*** DATA SECTION Section Begins ***

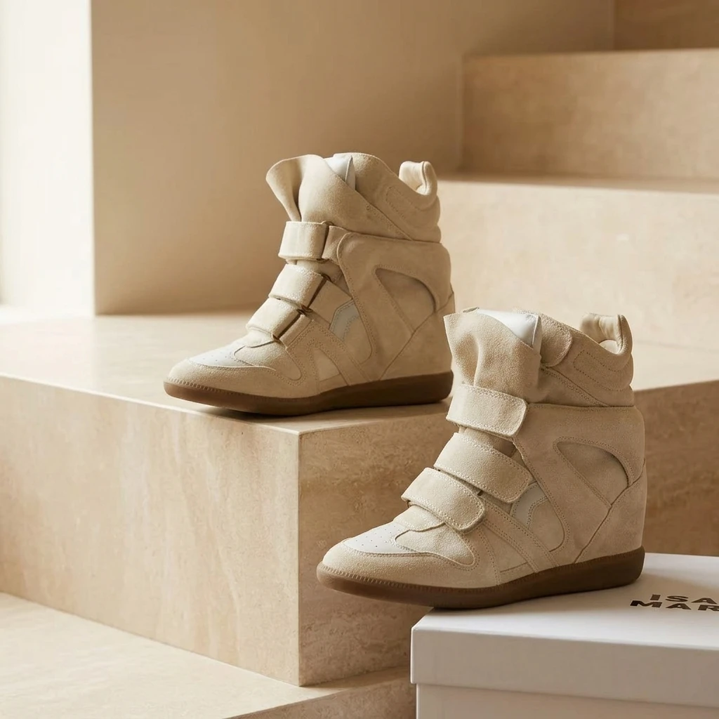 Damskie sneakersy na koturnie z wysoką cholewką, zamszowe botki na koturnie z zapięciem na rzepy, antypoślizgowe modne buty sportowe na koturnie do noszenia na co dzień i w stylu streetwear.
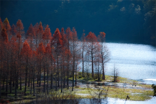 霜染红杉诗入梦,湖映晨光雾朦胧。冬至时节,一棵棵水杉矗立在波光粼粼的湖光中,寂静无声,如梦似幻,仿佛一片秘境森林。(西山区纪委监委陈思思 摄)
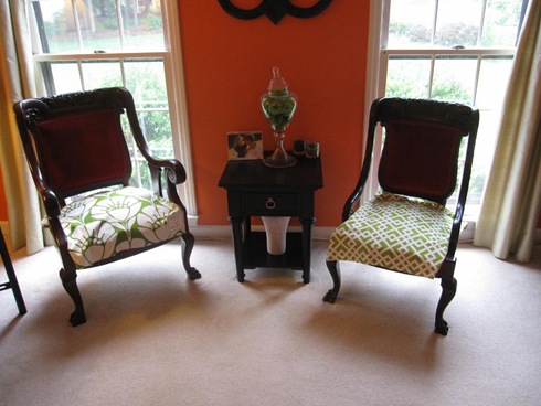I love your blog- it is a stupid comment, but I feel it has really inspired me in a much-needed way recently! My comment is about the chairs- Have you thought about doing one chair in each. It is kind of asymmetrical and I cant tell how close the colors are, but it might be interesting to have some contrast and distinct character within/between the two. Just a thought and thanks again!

*** DATA SECTION Section Ends ***

— TASK INSTRUCTIONS —
Every line in the data above needs to be given again exactly, pictures aside.

— RESPONSE AREA —
 Damskie sneakersy na koturnie z wysoką cholewką, zamszowe botki na koturnie z zapięciem na rzepy, antypoślizgowe modne buty sportowe na koturnie do noszenia na co dzień i w stylu streetwear.
 霜染红杉诗入梦,湖映晨光雾朦胧。冬至时节,一棵棵水杉矗立在波光粼粼的湖光中,寂静无声,如梦似幻,仿佛一片秘境森林。(西山区纪委监委陈思思 摄)
I love your blog- it is a stupid comment, but I feel it has really inspired me in a much-needed way recently! My comment is about the chairs- Have you thought about doing one chair in each. It is kind of asymmetrical and I cant tell how close the colors are, but it might be interesting to have some contrast and distinct character within/between the two. Just a thought and thanks again!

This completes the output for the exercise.